### What to produce:
Nothing but the lines from the one containing "This exquisite piece" through the last line of the data below should be returned, each exactly as it stands, pictures excluded.

Stored data:
++++++++

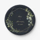 These geometric gold blue green wedding paper plates are perfect for a simple wedding. The design features hand-painted beautiful green leaves in a dark blue background, adorning a gold geometric frame.
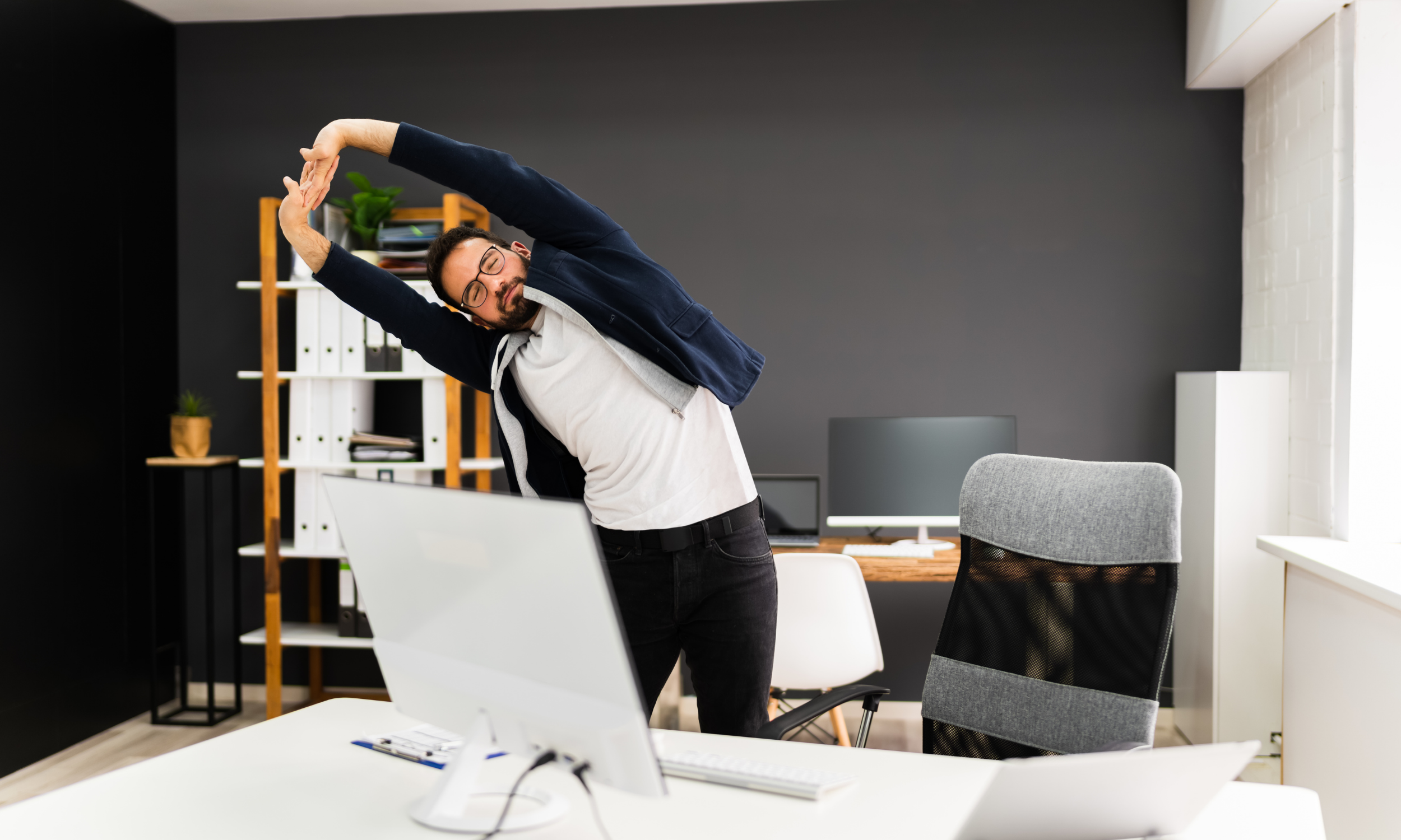 Even 5 minutes of stretching helps release tension and keeps your spine mobile.
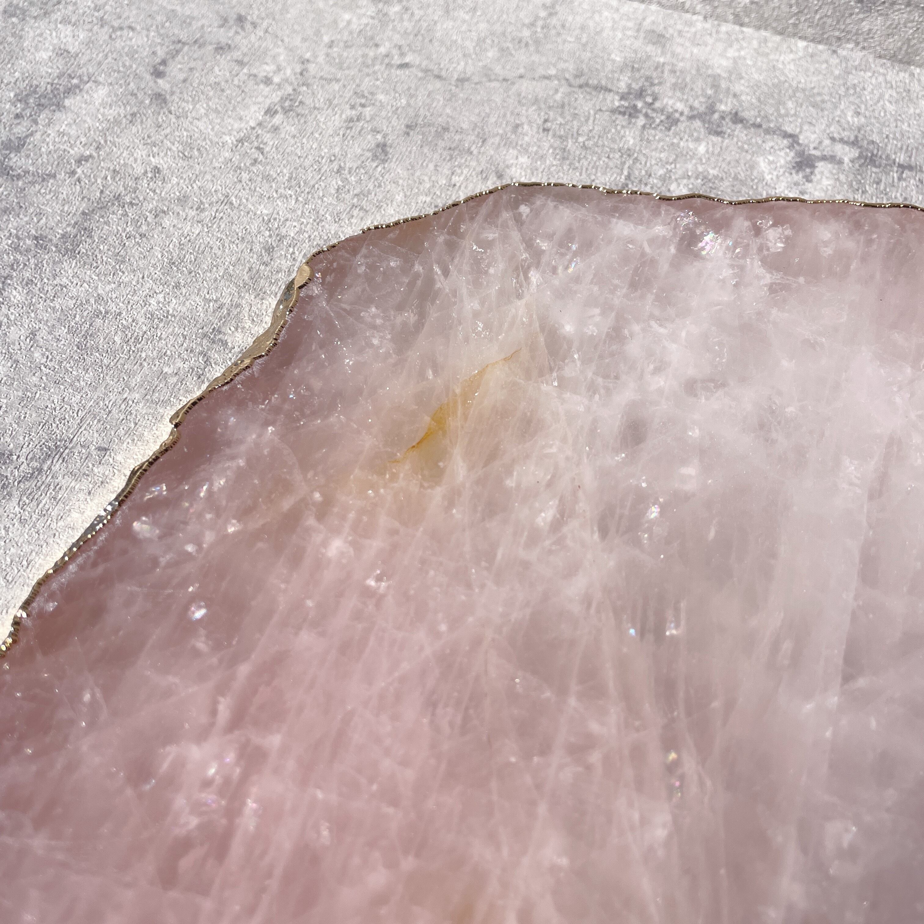 ブラジル産のローズクォーツが、インテリアに馴染むプレートになりました。
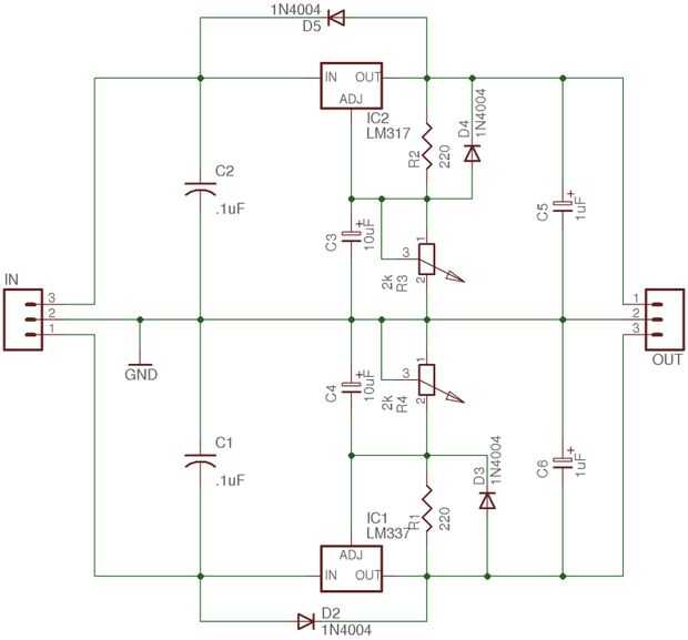 Estoy incluyendo un esquema de lo que estoy suministrando mi regulador con un circuito de ejemplo. Son posibles muchas variaciones. Llego a ser usando capacitores de 6800uF para C1 y C2 pero nada de 1500uF para arriba sería suficiente. El transformador que estoy usando es un 24 centro voltios uno aprovechado. Aquí otra vez se puede elegir un transformador con una tensión de salida más conveniente para el uso deseado. Voy a comentar esta parte del proyecto con más detalle en el paso 4. Así que si usted siente que necesita algo más de información para construir algo por sí mismo usted puede encontrar algunos allí.
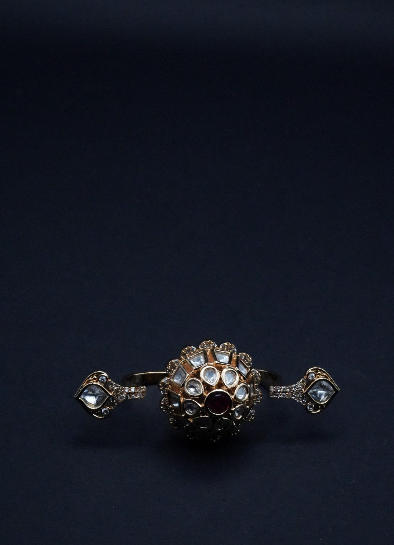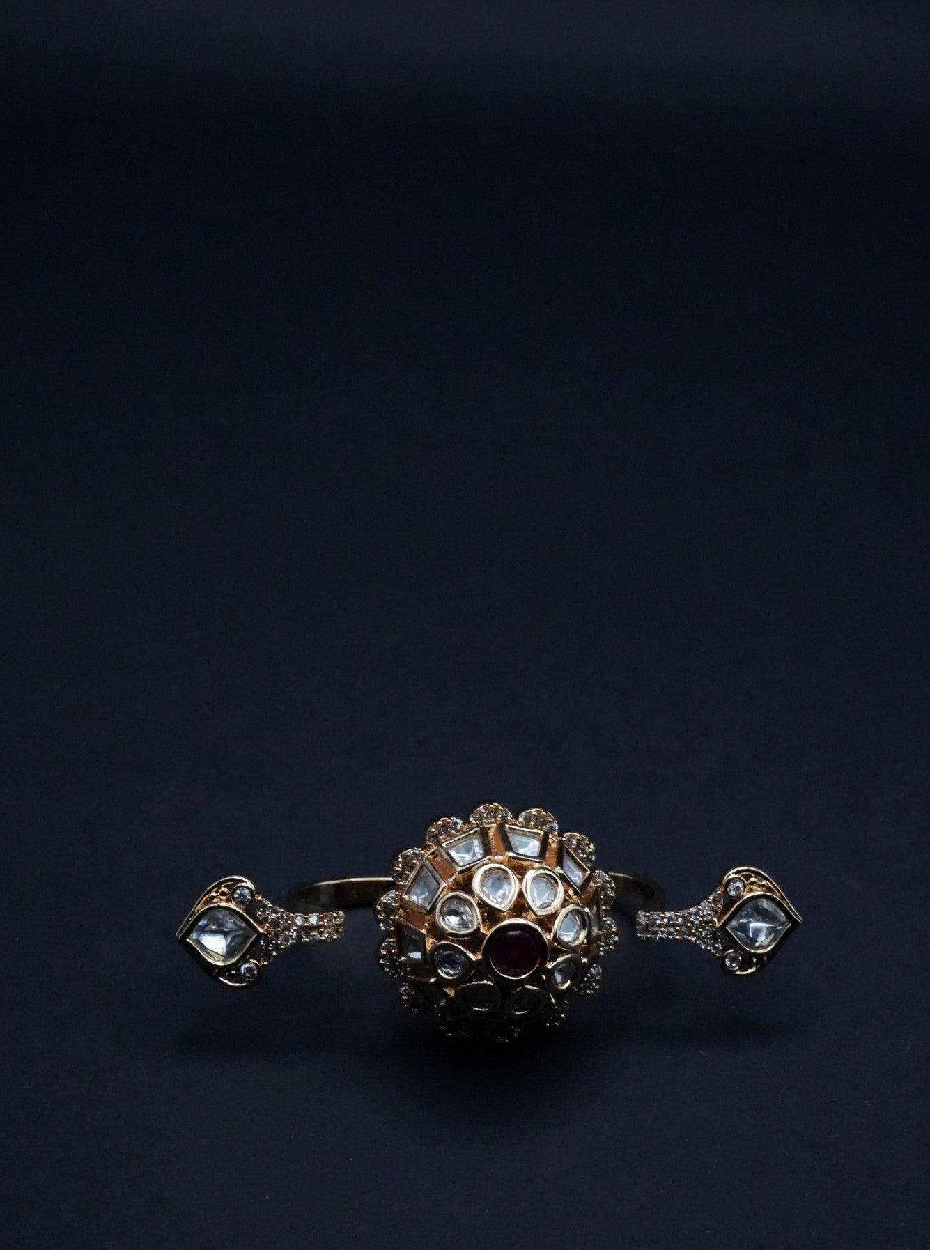 This exquisite piece from Lustrous Jewels features a unique dome-shaped design adorned with beautifully cut Cubic Zirconia (CZ) stones. The center is highlighted by a stunning ruby-colored gemstone, adding a pop of vibrant color to the intricate structure. The delicate band is also embellished with CZ stones, creating a perfect balance of sparkle and elegance. This ring is ideal for anyone looking to make a bold statement with an artistic, luxurious design.
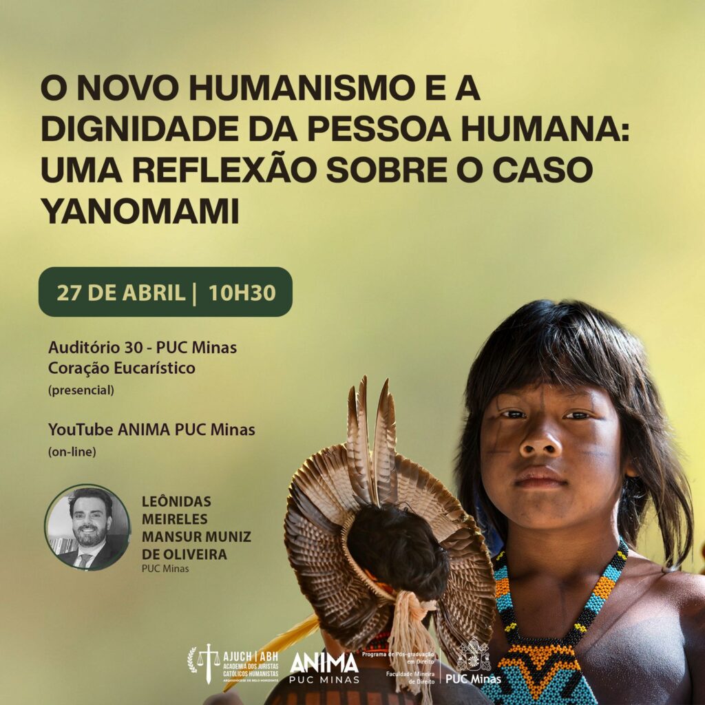 O Anima PUC Minas – Sistema Avançado de Formação, Identidade e Missão, a Academia dos Juristas Católicos Humanistas e a Faculdade Mineira de Direito realizam a live “O novo Humanismo e a dignidade da Pessoa Humana: uma reflexão sobre o caso Yanomami”, no próximo dia 27 de abril, às 10h30, no Auditório 30 – Campus Coração Eucarístico. O momento formativo será conduzido pelo doutor e professor de Direito da PUC Minas Leônidas Meireles Mansur Muniz de Oliveira.
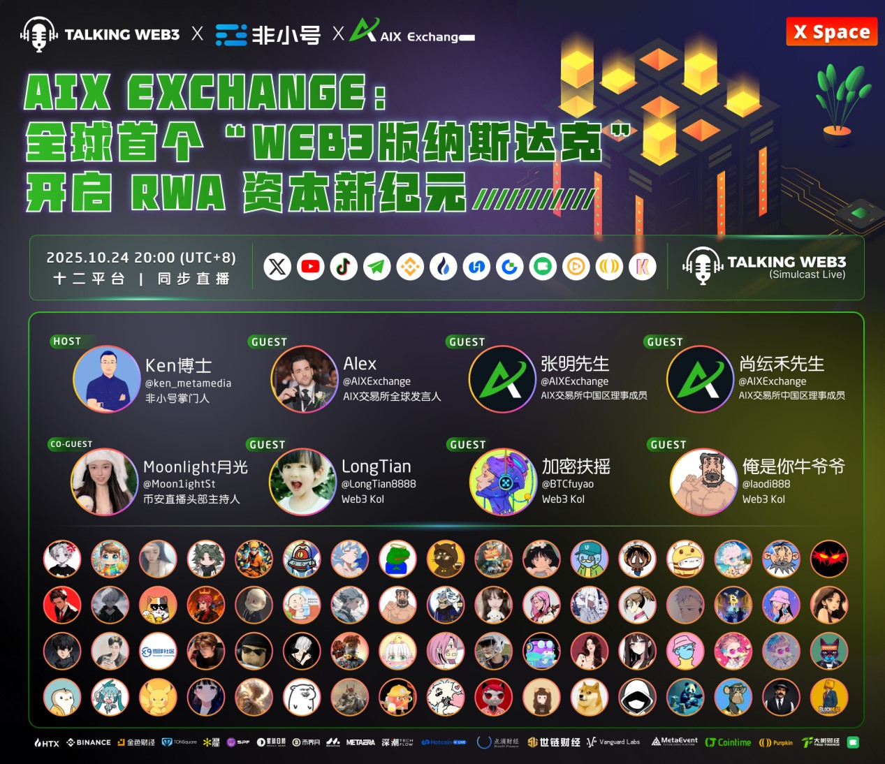 2025年10月24日20:00(UTC+8),全球领先的区块链媒体品牌非小号(Feixiaohao)、Talking Web3将携手新一代合规资本市场平台AIX Exchange,联合超百位华语知名KOL举办“华语区线上首秀”特别直播。

++++++++

### Solution for this problem:
 This exquisite piece from Lustrous Jewels features a unique dome-shaped design adorned with beautifully cut Cubic Zirconia (CZ) stones. The center is highlighted by a stunning ruby-colored gemstone, adding a pop of vibrant color to the intricate structure. The delicate band is also embellished with CZ stones, creating a perfect balance of sparkle and elegance. This ring is ideal for anyone looking to make a bold statement with an artistic, luxurious design.
 O Anima PUC Minas – Sistema Avançado de Formação, Identidade e Missão, a Academia dos Juristas Católicos Humanistas e a Faculdade Mineira de Direito realizam a live “O novo Humanismo e a dignidade da Pessoa Humana: uma reflexão sobre o caso Yanomami”, no próximo dia 27 de abril, às 10h30, no Auditório 30 – Campus Coração Eucarístico. O momento formativo será conduzido pelo doutor e professor de Direito da PUC Minas Leônidas Meireles Mansur Muniz de Oliveira.
 2025年10月24日20:00(UTC+8),全球领先的区块链媒体品牌非小号(Feixiaohao)、Talking Web3将携手新一代合规资本市场平台AIX Exchange,联合超百位华语知名KOL举办“华语区线上首秀”特别直播。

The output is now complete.